» Work instruction
Beginning with the first line below, output every record verbatim and leave out the images.

» Records for this exercise

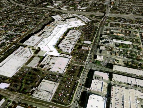 On the left an aerial view of Valley Fair in 1958 seen from approximately Winchester and Stevens Creek, looking east. Old-timers will remember the larger building in the foreground as The Emporium. In the background, an entire separate building, was Macy's. The strip in between? Residences! Nobody dreamed of parking a car at Macy's and *walking* to The Emporium! To the south, it is still orchard -- the old Town & Country Village had not been built yet. You can see Highway 17 (aka 880) in the upper corner. On the right is a GoogleEarth-generated aerial of the area, showing the mall, three parking structures, and Santana Row across the street on the south. On the upper edge you can see the interchange of Steven Creek/San Carlos and Highway 17. This comparison works pretty well, but other comparisons I've tried just don't. The Google-Earth version is an extrapolation, not a real photograph so you can't quite get the angle. The buildings are flattened. Also, you can't get really close aerials. This will do for now, until I can actually get up in an airplane. One more GoogleEarth-generated shot: |
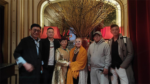 活动现场,吴静华(左三)及《世界商埠》团队成员与法国国家美术协会执行主席伊莎贝拉・罗森(右三)、沙龙展中国区主席宋冬(左一)等合影。 吴静华供图
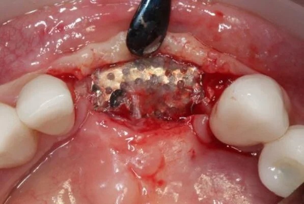 5. Фиксация титановой сетки с использованием винтов.
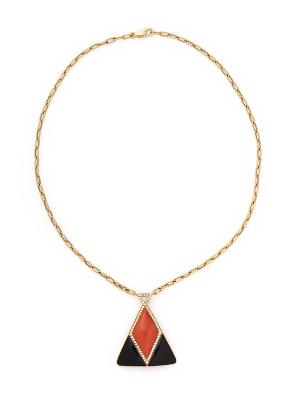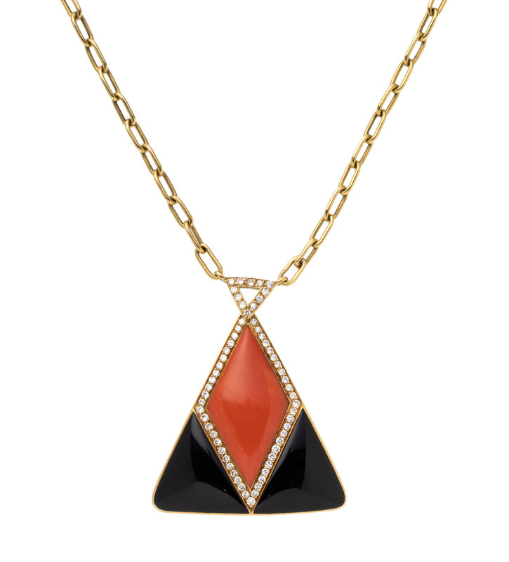 Consisting of a pendant containing 61 round brilliant cut diamonds weighing approximately 1.25 carats total, a navette shaped coral plaque measuring approximately 36.00 x 19.60 mm and two triangular onyx plaques measuring approximately 24.45 x 23.65 mm, attached to an oval link chain. 23 inches long.
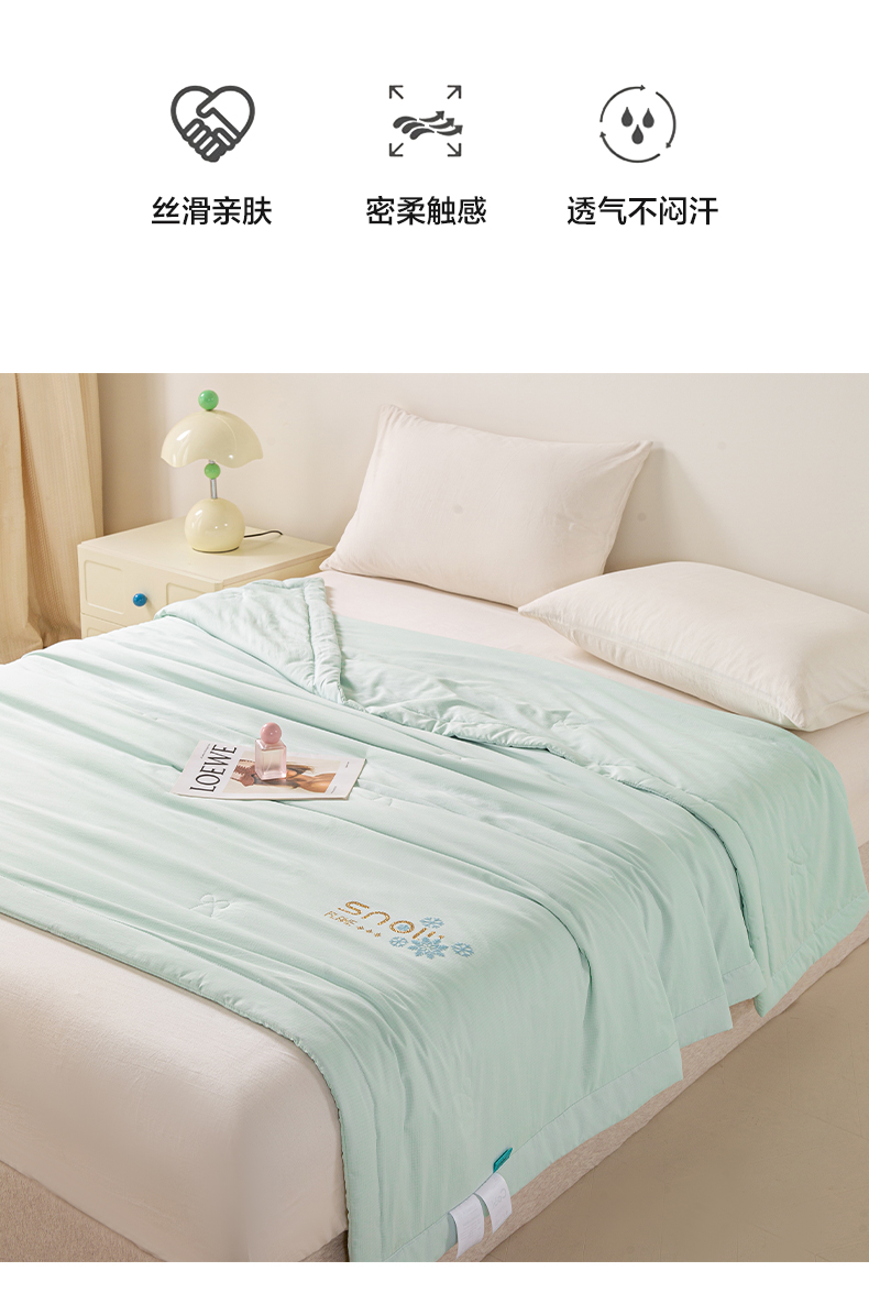 心悦家纺 2026新款简约有氧凉感冰丝夏被夏凉被空调被 薄荷绿

» Solved problem
 On the left an aerial view of Valley Fair in 1958 seen from approximately Winchester and Stevens Creek, looking east. Old-timers will remember the larger building in the foreground as The Emporium. In the background, an entire separate building, was Macy's. The strip in between? Residences! Nobody dreamed of parking a car at Macy's and *walking* to The Emporium! To the south, it is still orchard -- the old Town & Country Village had not been built yet. You can see Highway 17 (aka 880) in the upper corner. On the right is a GoogleEarth-generated aerial of the area, showing the mall, three parking structures, and Santana Row across the street on the south. On the upper edge you can see the interchange of Steven Creek/San Carlos and Highway 17. This comparison works pretty well, but other comparisons I've tried just don't. The Google-Earth version is an extrapolation, not a real photograph so you can't quite get the angle. The buildings are flattened. Also, you can't get really close aerials. This will do for now, until I can actually get up in an airplane. One more GoogleEarth-generated shot: |
 活动现场,吴静华(左三)及《世界商埠》团队成员与法国国家美术协会执行主席伊莎贝拉・罗森(右三)、沙龙展中国区主席宋冬(左一)等合影。 吴静华供图
 5. Фиксация титановой сетки с использованием винтов.
 Consisting of a pendant containing 61 round brilliant cut diamonds weighing approximately 1.25 carats total, a navette shaped coral plaque measuring approximately 36.00 x 19.60 mm and two triangular onyx plaques measuring approximately 24.45 x 23.65 mm, attached to an oval link chain. 23 inches long.
 心悦家纺 2026新款简约有氧凉感冰丝夏被夏凉被空调被 薄荷绿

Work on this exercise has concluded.